[mpich-discuss] static compiling with mpich2

Jason Palmer jason at sccn.ucsd.edu
Mon Feb 1 14:29:07 CST 2010


So, the problem seems to be limited to gfortran (4.4.3) compiling with
static and MPICH2 commands. I don't get any errors when compiling without
-static.

Gdb shows the main fortran executable dying in a thread mutex call inside a
fotran io function:
==================================================
(gdb) run
Starting program: /home/jason/amica_gcc/a.out
[Thread debugging using libthread_db enabled]

Program received signal SIGSEGV, Segmentation fault.
0x0000000000000000 in ?? ()
(gdb) where
#0  0x0000000000000000 in ?? ()
#1  0x000000000047c203 in __gthread_mutex_trylock (n=6, do_create=1) at
../../../gcc-4.4.3/libgfortran/../gcc/gthr-posix.h:767
#2  get_external_unit (n=6, do_create=1) at
../../../gcc-4.4.3/libgfortran/io/unit.c:330
#3  0x000000000047aa0f in data_transfer_init (dtp=0x7fffffffe0c0,
read_flag=0) at ../../../gcc-4.4.3/libgfortran/io/transfer.c:2017
#4  0x0000000000400302 in MAIN__ ()
#5  0x000000000047627a in main (argc=1, argv=0x7fffffffe5b8) at
../../../gcc-4.4.3/libgfortran/fmain.c:21
===================================================

I recompiled gcc without --enable threads=posix, and I get the same error.
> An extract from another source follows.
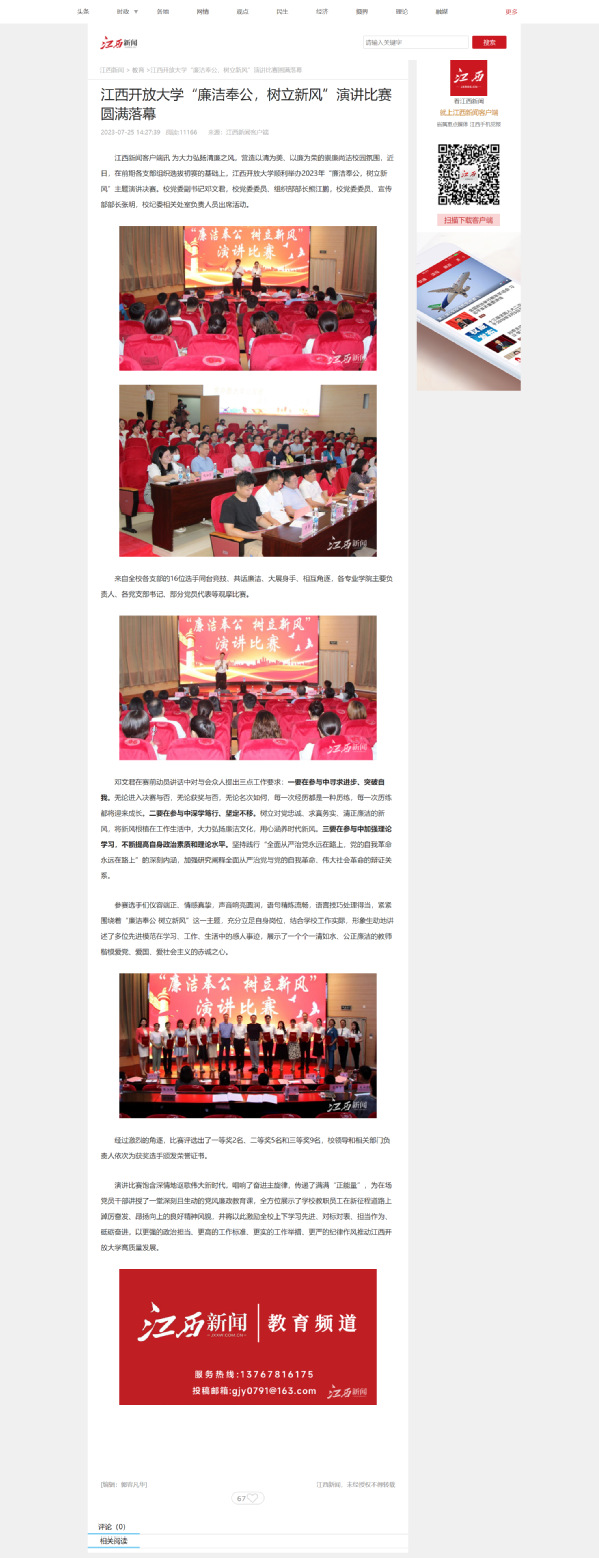 江西新闻客户端讯 为大力弘扬清廉之风,营造以清为美、以廉为荣的崇廉尚洁校园氛围,近日,在前期各支部组织选拔初赛的基础上,yl23455永利官网顺利举办2023年“廉洁奉公,树立新风”主题演讲决赛。校党委副书记邓文君,校党委委员、组织部部长熊江鹏,校党委委员、宣传部部长张明,校纪委相关处室负责人员出席活动。

I
get no errors when building gcc.

I get the exact same seg fault in examples, same time in execution, when I
run the f90pi example program compiled with -static.
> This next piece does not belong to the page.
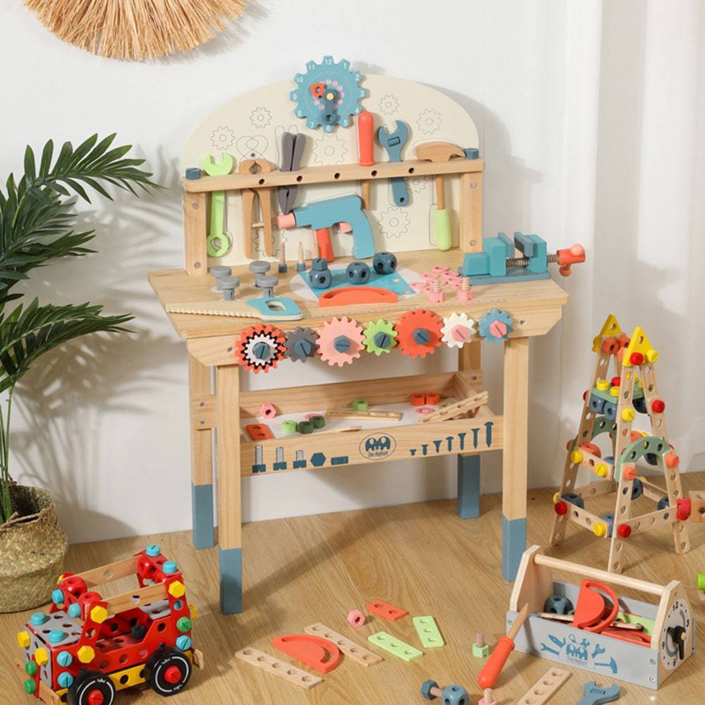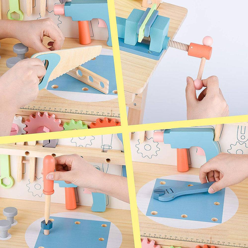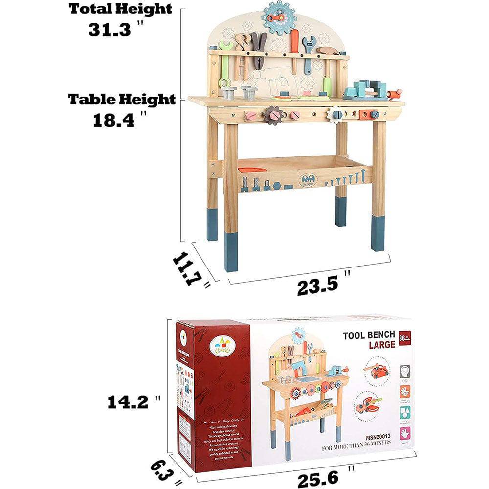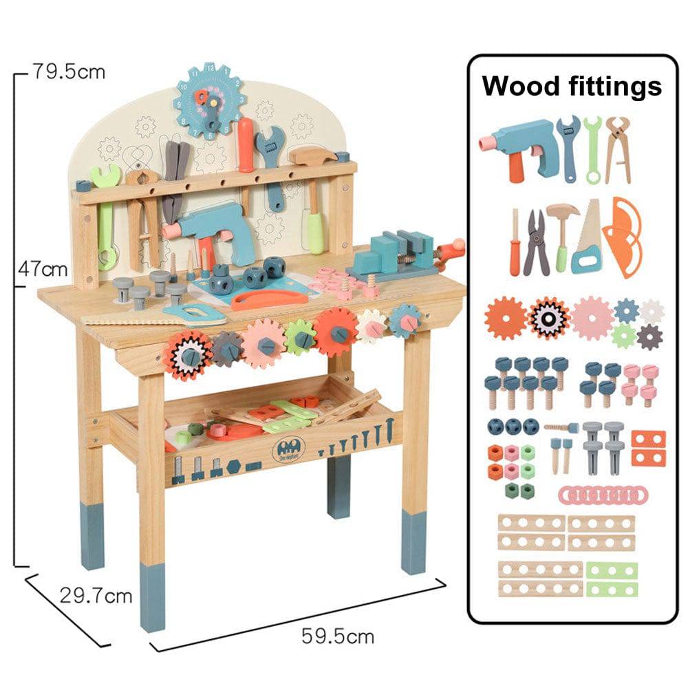 Endless Fun: A wooden workbench includes a hammer, saw, screwdriver, wrench, vise, screws, nuts, bolts, gears, and more creative parts for building. Provides hours of collaborative play, fostering motor skills and hand-eye coordination.

Example f90pi compiles and runs when compiled without -static, but it still
has io issues--it doesn't print anything on the scree until <enter> is
typed, then it prints the usual input message but immediately exits (without
error).

On the other hand, with cpi and cxxpi, everything works fine with or without
static.

I ran make testing, and got the following io related problems:
==========================================================
Processing directory coll
Looking in ./coll/testlist
Unexpected output in bcast2: mpiexec_juggling.ucsd.edu (handle_sig_occurred
1144): job ending due to env var MPIEXEC_TIMEOUT=420
Program bcast2 exited without No Errors
Unexpected output in bcast3: mpiexec_juggling.ucsd.edu (handle_sig_occurred
1144): job ending due to env var MPIEXEC_TIMEOUT=420
Program bcast3 exited without No Errors
....
Processing directory io
Looking in ./f77/io/testlist
Unexpected output in iwriteatf: mpiexec_juggling.ucsd.edu
(handle_sig_occurred 1144): job ending due to env var MPIEXEC_TIMEOUT=180
Program iwriteatf exited without No Errors
... 11 more identical errors in ./f77/io/testlist for similar functions
....
Processing directory io
Looking in ./cxx/io/testlist
Unexpected output in iwriteatx: mpiexec_juggling.ucsd.edu
(handle_sig_occurred 1144): job ending due to env var MPIEXEC_TIMEOUT=180
Program iwriteatx exited without No Errors
... 23 more identical erros in ./cxx/io/testlist for similar functions
....
Processing directory threads
Looking in ./threads/testlist
Processing directory pt2pt
Looking in ./threads/pt2pt/testlist
Unexpected output in threads: mpiexec_juggling.ucsd.edu (handle_sig_occurred
1144): job ending due to env var MPIEXEC_TIMEOUT=600
Program threads exited without No Errors
Some programs (threads) may still be running:
pids = 14676
The executable (threads) will not be removed.
Unexpected output in multisend4: mpiexec_juggling.ucsd.edu
(handle_sig_occurred 1144): job ending due to env var MPIEXEC_TIMEOUT=180
Program multisend4 exited without No Errors
Processing directory comm
Looking in ./threads/comm/testlist
Processing directory init
Looking in ./threads/init/testlist
Processing directory spawn
Looking in ./threads/spawn/testlist
41 tests failed out of 580
============================================================

So apparently cxx is having io issues as well, but I didn't get any erros on
cxxpi with -static.

I'm using gcc-4.4.3 (and latest gmp, mpfr, and mpc) and Mpich2-1.2.1 on an
x86_64-linux host (AMD Opteron).

Has anyone else used gfortran 4.4.3 to compile Mpich2 programs statically?
Again, the above testing errors notwithstanding, things seem to work when
compiled dynamically, and when using c or cxx with or without static.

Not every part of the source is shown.